While we're all familiar with the steady increase in the number of cores in mainstream PC and server processors, the corresponding progress in the embedded-processor market has been anything but steady.

With mainstream PC microprocessors standardizing on four-core designs such as Intel's Core i7 and leading-edge server chips ranging from 8 to 16 cores, single-core chips are no longer competitive. For embedded systems, however, one core may still be the right answer; if more are needed, the choices range up into the hundreds.

Tilera Tile-Gx100

The Tilera Tile-Gx100 combines 100 independent 64-bit integer processor cores and cryptographic accelerators with memory, network, and PCI Express interfaces.

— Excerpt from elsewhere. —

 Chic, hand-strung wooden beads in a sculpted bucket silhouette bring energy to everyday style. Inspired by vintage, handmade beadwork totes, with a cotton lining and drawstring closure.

(Credit: Tilera Corporation)

The latest announcement in the many-core embedded processor market is Tilera's Tile-Gx family, which combines 16 to 100 64-bit integer processor cores with cryptographic accelerators and off-chip interfaces for memory, networking, and PCI Express. I met with Tilera before last week's announcement to discuss the technical and business issues related to the Tile-Gx.

The technical details
San Jose, Calif.-based Tilera is eager to set itself apart from the many other chip companies competing in its target markets. Unlike most embedded processors with high core counts, for example, Tilera's design allows its cores to operate truly independently, even to the extent of running different operating systems if needed. More commonly, groups of tiles will be combined to run a single task that is part of a larger workload. In this way, one chip can operate like a cluster of multiprocessor systems.

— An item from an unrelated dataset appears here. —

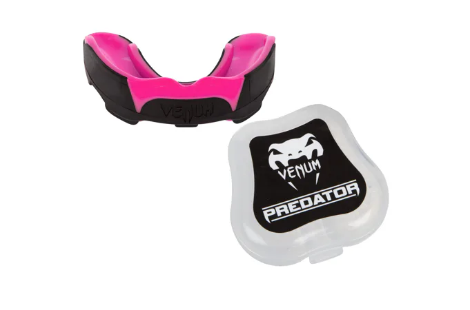 Chránič zubov Predator od značky VENUM je vhodný pre všetky kontaktné športy, nasadzuje sa na horné poschodie. Perfektný dizajn s nízkym profilom a pokročilý gélový rám Nextfit, ktorý sa skvele pasuje do zubov, nie je len pohodlným prispôsobením, ale taktiež umožňuje lepšiu priedušnosť pri tréningu a komunikácii s trénerom. Dvojjadrový dizajn s gumovým rámom s vysokou hustotou, ktorý sa prispôsobí vašej čeľusti a zaistí lepšiu absorpciu pri každom náraze. Akonáhle je šok absorbovaný, je rovnomerne rozptýlený na silnejšie oblasti zubov, čo udržuje vaše zdravé ústa neporušené. Chránič poskytuje perfektnú kombináciu pohodlia, flexibility a tlmenia nárazov. S cieľom splniť očakávania všetkých zápasníkov bol chránič testovaný zápasníkmi UFC, ako je José Aldo a Lyoto Machida.

Between this distinction and the fact that cores in the Tile-Gx family are a full 64 bits wide, Tilera claims the Tile-Gx100 is the "world's first 100-core processor." I think that's just a little too broad a claim, personally, since companies such as Clearspeed and Xelerated have previously made similar claims for their chips. Even more significantly, the Tile-Gx100 doesn't exist yet. It won't be a real product until early 2011, according to Tilera's current schedule.

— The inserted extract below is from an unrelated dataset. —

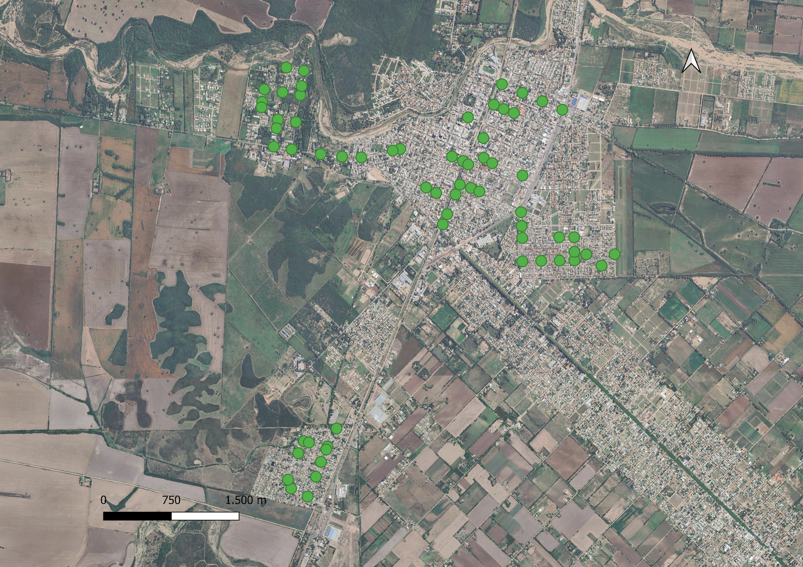 Este mapa muestra la ubicación de las paradas de autobús en la ciudad de Jesús María, Córdoba. Cada parada de autobús está representada por un punto verde en el mapa. |

Tile-Gx processors aren't something most CNET readers will ever knowingly use, though these chips will likely, eventually, help carry traffic over the public Internet and through larger corporate networks. But they do provide an excellent example of the issues facing PC processor vendors as core counts continue to grow.

Consider the Tile-Gx100 block diagram shown above. It's easy to imagine that this chip can get a lot of work done. Every core can run up to three instructions per cycle at up to 1.5GHz. It has dedicated hardware accelerators for cryptography and network packet processing. The network interfaces can implement up to eight 10Gb Ethernet ports. The chip also has four DDR3 memory interfaces; to reduce DRAM accesses, every core has 320KB of local cache memory. (The total amount of cache memory in the Tile-Gx100, about 32MB, matches that of IBM's Power7 processor, which has only eight cores.)

The need for balance
It's not so easy to keep all these resources busy, however. The more complicated a chip gets, generally speaking, the more difficult it becomes to make full use of its resources. This is what we often call the balance between hardware and software.

Tilera will offer four products in the Tile-Gx family with 16, 36, 64, and 100 cores and corresponding differences in memory and networking support. This range of products helps meet the needs of different applications, but each product still needs a particular balance of application requirements for maximum efficiency.

So here lies Tilera's great challenge--finding software applications that need a large amount of CPU performance and that also:

1. Are highly parallel, so they can keep many cores busy.
2. Don't need much (if any) floating-point math, since the Tile-Gx doesn't do that.
3. Can benefit from cryptographic acceleration.
4. Consume large amounts of network bandwidth.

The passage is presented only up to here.